My instinct was to get the guns up [fire] on the trees, which
the Taliban were using as a firing point. We were firing
GPMGs. From there, the Vikings came down and extracted
the casualties under fire. We got the casualties back, but it
was a frantic moment. Certainly, as platoon sergeant out there
[in Afghanistan], I had two big fears – a mine strike and that
I would [inadvertently] leave one of my guys on the ground.

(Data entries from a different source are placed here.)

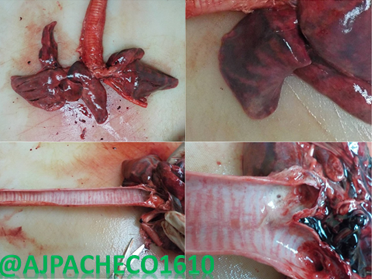 A nivel de sistema respiratorio, los pulmones se observaron reducidos de tamaño (colapsados), de color rojo-negruzco, con consistencia firme y un exudado sero-sanguinolento al corte, el cual se extendía desde los bronquios menores hasta la tráquea, hallazgos estos que se corresponden con la fase de hepatización roja presente en los procesos neumónicos (Figura 7).
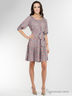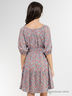 Платье короткое с округлым вырезом горловины и рукавами 3/4. Модель с поясом, декольте на резинке. Декорировано изделие яркой расцветкой. Великолепный вариант на все случаи жизни!
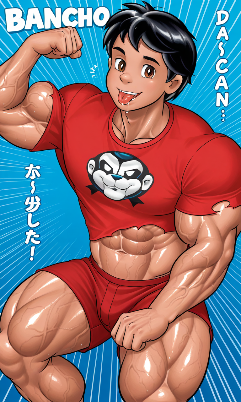 1 boy, Pancho Pantera, muscular, black hair, brown eyes, handsome
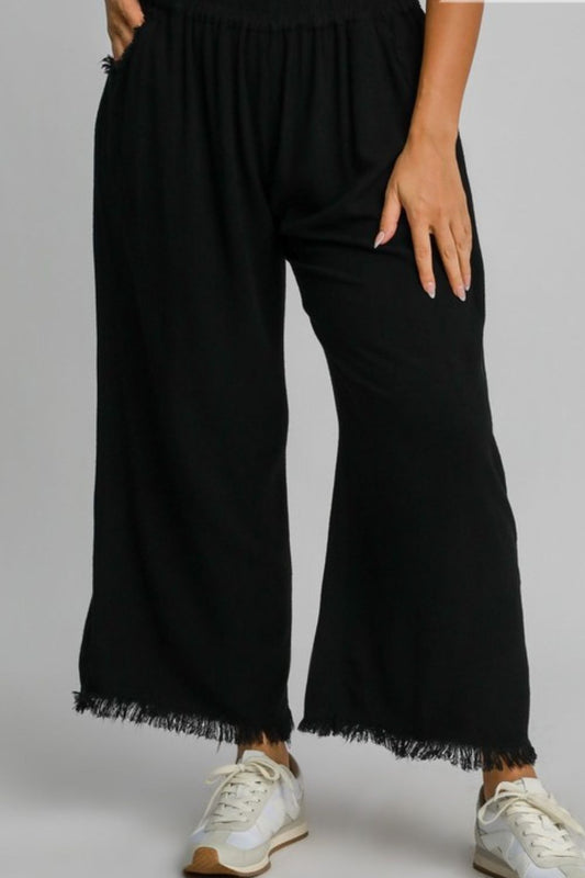 Smocked Waist Boho Wide Leg Pants with Pockets
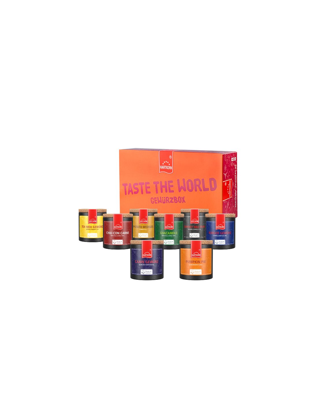 Once around the world and then stop in the land of opportunity: Welcome to the U-S-A. With the Taste the World Spice Box USA, you're embarking on a culinary journey through the flavors of America. And who doesn't immediately think of burgers? Yes, yes, cliché or not... Burgers and the USA are as inseparable as the thought of a nice BBQ. And that will be a real hit with the Young Kitchen BBQ Rub and Seasoning for Potato Wedges. Or try your hand at Pulled Pork - smoker, enough time and especially the Young Kitchen Pulled Pork spice preparation promise a guarantee of success. You can give your friends the perfect Tex-Mex evening with the simple, but just as delicious guacamole in the Hartkorn style and meat marinated in Young Kitchen Tex Mex. And of course, your trip to the USA should not be without a detour to the southern states. With the Young Kitchen Cajun seasoning you land in the heart of Louisiana. With this spice preparation, you can make the traditional jambalaya stew in no time. But of course, we can't let you go without the spice for a delicious Pumpkin Pie. So we've also packed the Young Kitchen Pumpkin Pie spice into the chic Taste the World spice box.
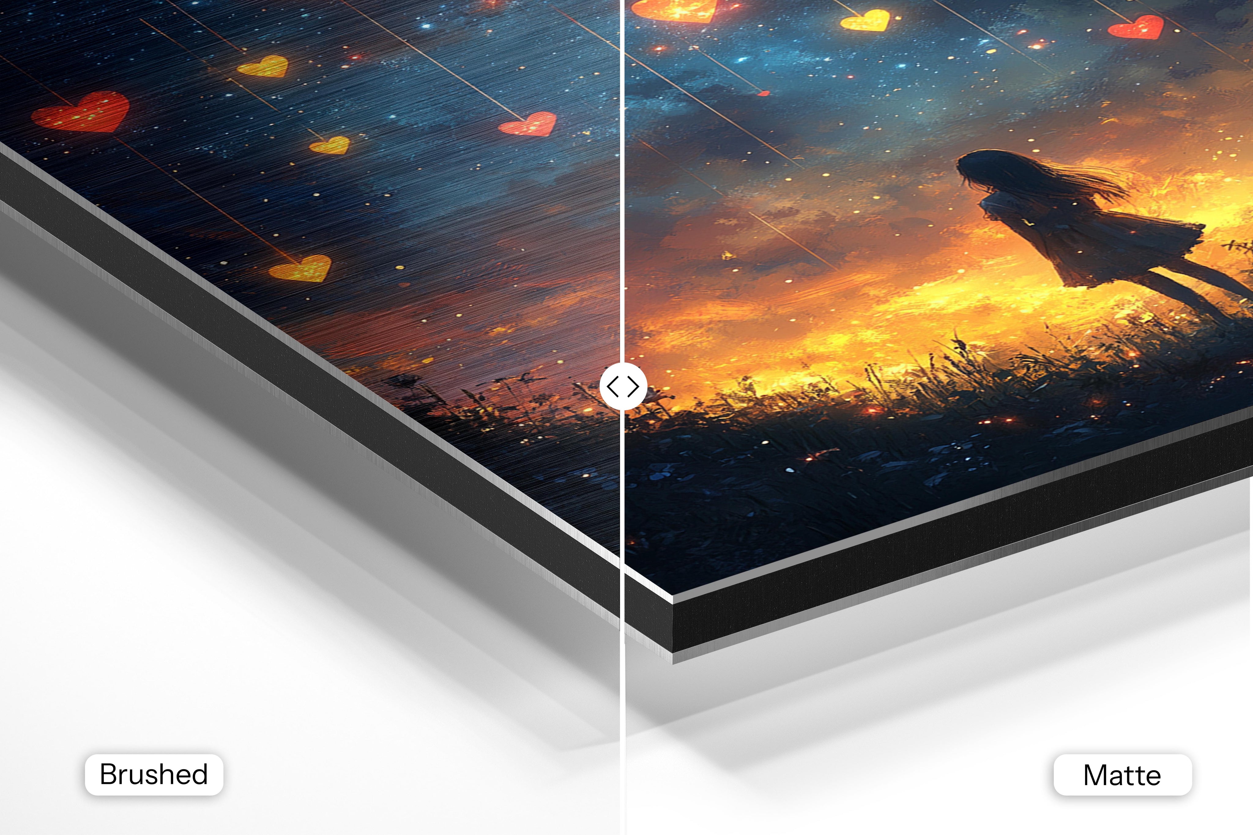 - Brushed Aluminum, on the other hand, features a raw metallic texture with visible brush strokes. Whites and highlights in your image let the silver surface show through, adding a dramatic, shimmering effect. Ideal for black-and-white images, minimalist designs, or abstract art, it creates a bold, industrial vibe with a modern edge.

And at one moment [during the fire-fight], I couldn't account
for all my blokes and they were getting thrown in the back of
the vehicles to get extracted. It was quite an unsettling
moment for me. I was responsible for thirty-four guys, but I
didn't have a hand on how many had been extracted. I had
my little book to tick people off with all the names on like a
school register – for peace of mind for me – but I didn't really
have a hand on it until I got back on top. But once I realized
all the men were there I calmed down. I said to myself: 'I
don't need many more days like this.'

We then took a call, which hit the blokes hard, that we [the
British forces] had had our first two major casualties. One
guy was shot by small arms in his stomach. The other had
shrapnel wounds from an RPG. Then a Chinook flew in and
the casualties were extracted. The guy who was shot had
serious injuries, but they were not life-threatening. We then
took a call that we were going to extract back to FOB
Robinson to recoup the boys – give them a rest. It was now 2
or 3 p.m. So we all loaded up into the Vikings. At that stage,
I took my belt off – the webbing with all the pouches. On the
route back we had the WMIK in front. I was the lead platoon
so I had the Vikings in convoy and we were moving across a
desert. It was a big convoy: we had a good fifteen Vikings and
six or seven WMIKs along with a refuelling truck. I was the
fourth Viking in the packet. We were moving forward, and
that's all I remember.

Suddenly I woke up as if I was in a dream: the cab was
covered with smoke. I couldn't see anything, and I couldn't
hear anything. There was a ringing in my ears. I sort of woke
myself up. I looked down at the door – where the mine had
hit – although I didn't know I had been hit by a mine at that
stage. But the mine strike had blasted the doors ajar slightly,
just enough to put an arm or leg out, but not to squeeze my
body through. I initially went for the door because I thought:
Fuck, I've got to get out of here quick. But I couldn't get out
so I sat back down. I saw the whole engine block was on fire
on my left-hand side. I just remember feeling the heat and I
thought: Fucking hell! I have got to get out of this vehicle! We
had four of us in the front cab: me, the driver, the gunner
sitting on top and I had my 51 [mortar] man sitting on the
seat behind me. In the back cab – because it's a twin cab – I
had seven guys: five engineers, a medic and an additional
sniper, but they were essentially OK.